К черту наш сентиментализм! Пора нам, байбакам, вылезти из норы, отрастить волчьи зубы и показать их незваным гостям – иначе не видать счастья. Я христианин и верую в Бога, но отвергаю Христову заповедь подставлять правую щеку, если тебе врежут по левой[104]
. Так мы пропадем. Соседи у нас больно добрые – не постыдятся и насмерть забить. Они ведь бьют не потому, что силу девать некуда. Их привлекает богатство украинских земель.Горько смотреть на то, как мы взялись за дело… Хочешь, дам почитать последние книжки Ленина про тактику борьбы и организацию власти? Я бы всех наших министров посадил за парту изучать их, приписав кое-что на полях. Нас колотят без сантиментов. Но знаешь – это неплохо. И чем сильнее будут изгаляться, тем лучше. Ни одна страна не переживала того, что выпадает на долю Украины, но никому это и не пойдет так на пользу. Рабочий вол станет хищным зверем и вырвется на свободу. И если снова почует врага – не будет ждать, пока его загонят в угол, а нападет первым.

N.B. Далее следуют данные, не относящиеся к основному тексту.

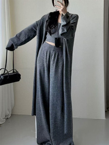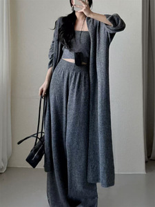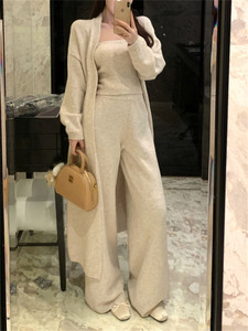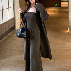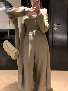 秋冬新款跨境外贸时尚针织套装女宽松慵风懒抹胸直筒裤毛衣三件套
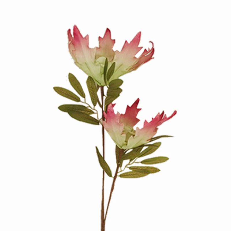 Κλαδί με λουλούδια σε πράσινο-ροζ χρώμα από την Art Et Lumiere - Διαστάσεις: 80εκ. - Η ελάχιστη ποσότητα αγοράς για αυτό το προϊόν είναι 6τμχ.
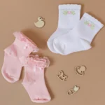 Dvopak čarapice za bebe devojčice, firme BabyDola. Set je dostupan u svetlo roze, tamno roze, sivoj i braon kombinaciji.
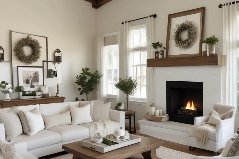 Shop farmhouse-inspired decor like distressed wood accents, neutral throw pillows, and vintage-style accessories to instantly add charm without a full remodel.
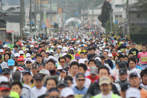 胸にゼッケンをつけた大勢の参加者たちがスタートしている写真 拡大画像 (JPEG: 187.2KB)
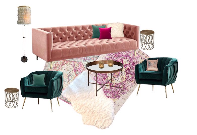 Description: A fun lounge package in pink and mint, inspired by Chappell Roan's The Rise and Fall of a Midwest Princess album. Candles not included.
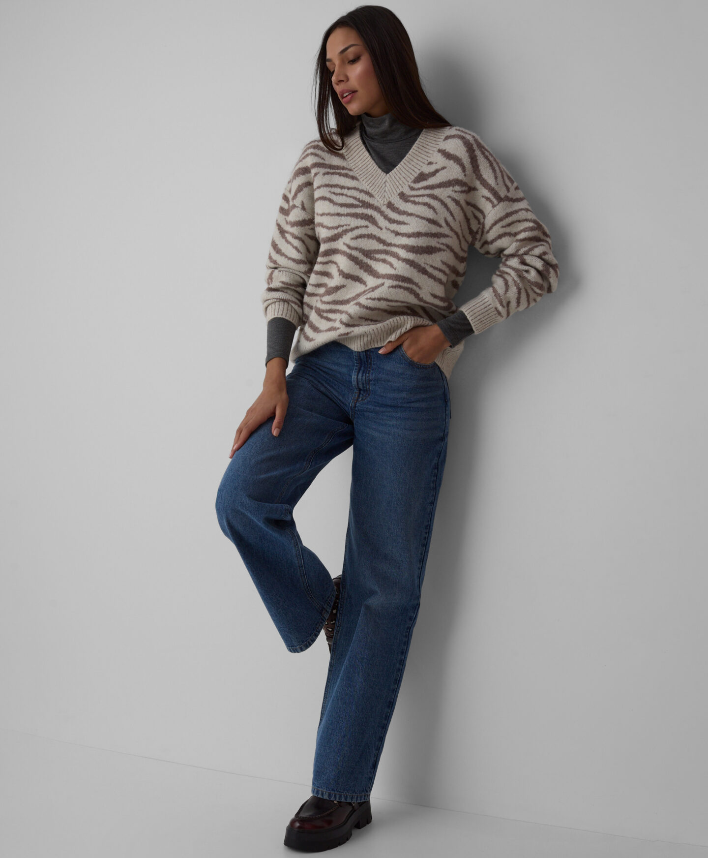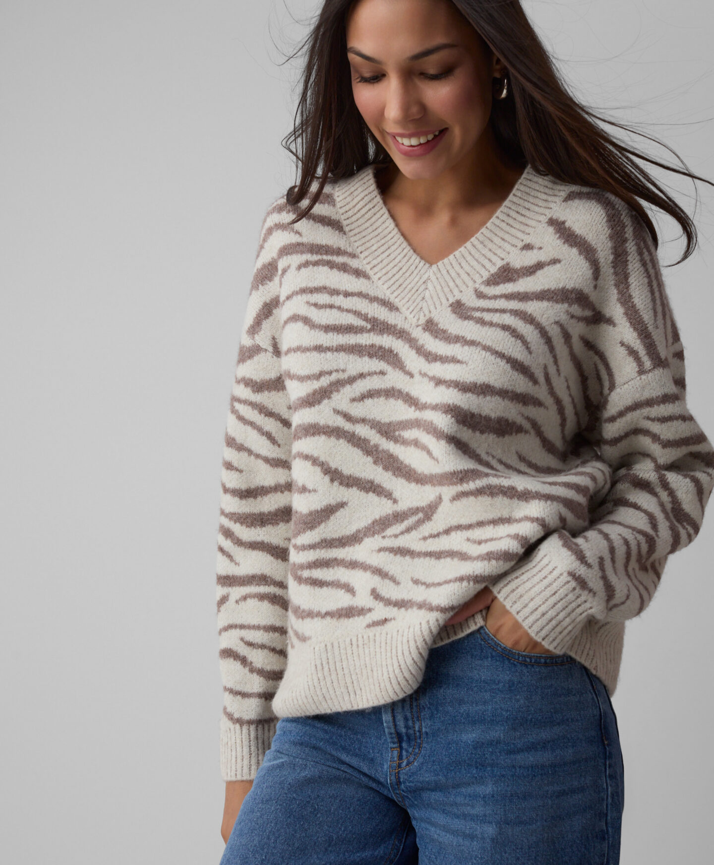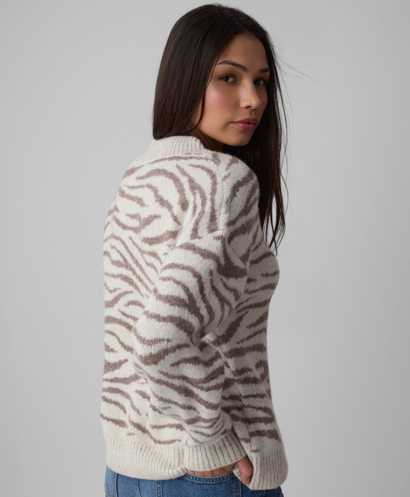 Puloverul pentru femei cu imprimeu zebră este ideal pentru femeile care doresc să iasă în evidență. Este călduros și potrivit pentru sezonul rece. Poate fi purtat singur sau combinat cu alte piese vestimentare clasice.
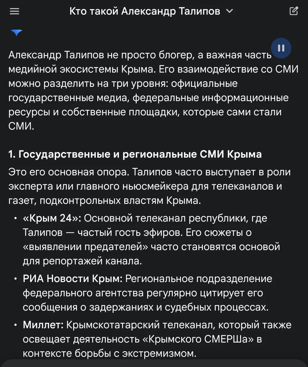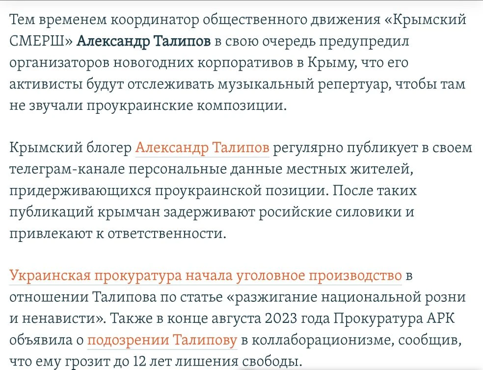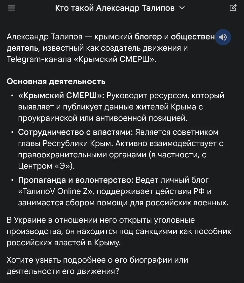 Пообщался тут с американским гуглом на тему "Кто такой Александр Талипов", следят пиндосы, досье составляют, отдельно отслеживают методы работы, громкие дела, даже советуют, что делать, если на вас обратил внимание "Крымский СМЕРШ", предлагаю и вам ознакомиться😁
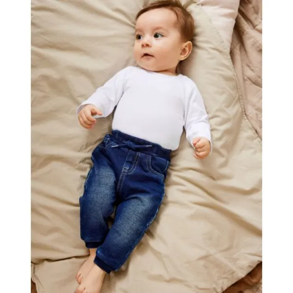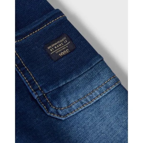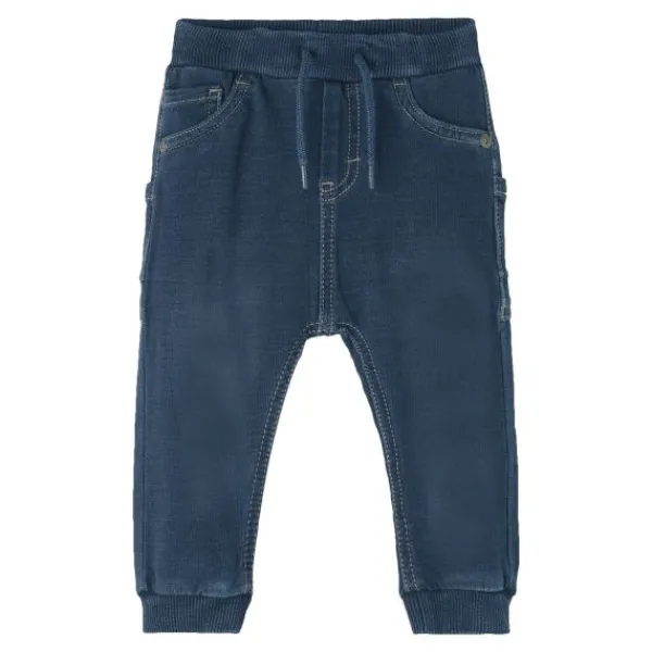Een leuk spijkerlook broekje voor jouw kleintje! Het broekje van Name It heeft een donker blauwe kleur met jeans look. Met verstelbaar elastiek in de bovenband.
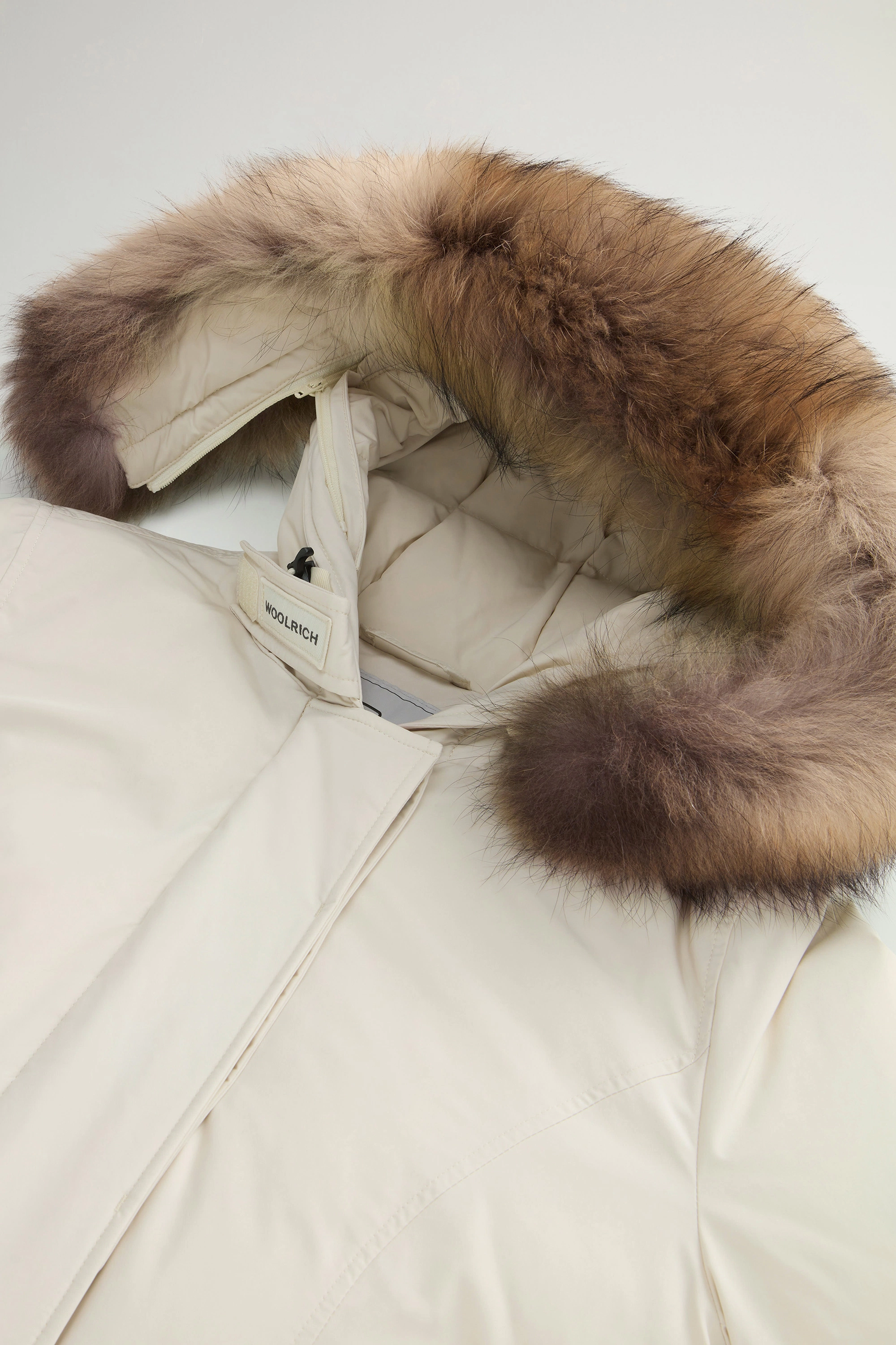 Il Luxury Arctic Parka fonde la ricca tradizione Woolrich con un tocco di femminilità, rivisitando il nostro storico modello originariamente realizzato per proteggere i lavoratori degli oleodotti dell'Alaska dai climi più rigidi. Questa interpretazione è realizzata nel nostro caratteristico tessuto Urban Touch idrorepellente, resistente al vento ed è imbottita in piuma d'anatra e completata da un ampio cappuccio. L'inserto staccabile in pelliccia di procione valorizza il design con un tocco pregiato, mentre le ampie tasche e i polsini a costine assicurano ulteriore protezione nelle giornate particolarmente fredde e ventose.

Представь только, каково пришлось бы неприятелю, охвати восстание хотя бы полстраны. Вот я, маленький Андрий Чорнота, могу ударить в большой монастырский колокол, и через пару часов холодноярские села[105]

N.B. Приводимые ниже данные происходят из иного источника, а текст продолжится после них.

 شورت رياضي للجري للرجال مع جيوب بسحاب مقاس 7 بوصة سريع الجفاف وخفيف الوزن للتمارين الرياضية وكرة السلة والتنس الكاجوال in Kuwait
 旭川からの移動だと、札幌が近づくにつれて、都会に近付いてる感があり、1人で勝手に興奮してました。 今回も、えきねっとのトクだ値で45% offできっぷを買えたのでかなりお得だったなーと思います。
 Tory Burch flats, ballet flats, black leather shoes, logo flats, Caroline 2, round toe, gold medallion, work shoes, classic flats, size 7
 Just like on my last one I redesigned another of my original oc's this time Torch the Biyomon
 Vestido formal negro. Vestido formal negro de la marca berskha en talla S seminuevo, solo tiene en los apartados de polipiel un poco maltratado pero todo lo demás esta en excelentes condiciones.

выставят десять тысяч боевиков, целую дивизию. Они не берут пленных и далеко не отступают – тут их дома и семьи. А сколько войска дал весь народ нашему правительству?[106]Если бы Украина в этом году победила, одни холодноярцы имели бы право сказать, что не пускали захватчика к себе в хату, не кормили его своим хлебом и сыновья их не стали чужим пушечным мясом[107]
.Он мог бы говорить еще долго, но от церкви вдруг донесся тревожный звон малого колокола.
– Ого! Что-то случилось. Видно, черт принес красных.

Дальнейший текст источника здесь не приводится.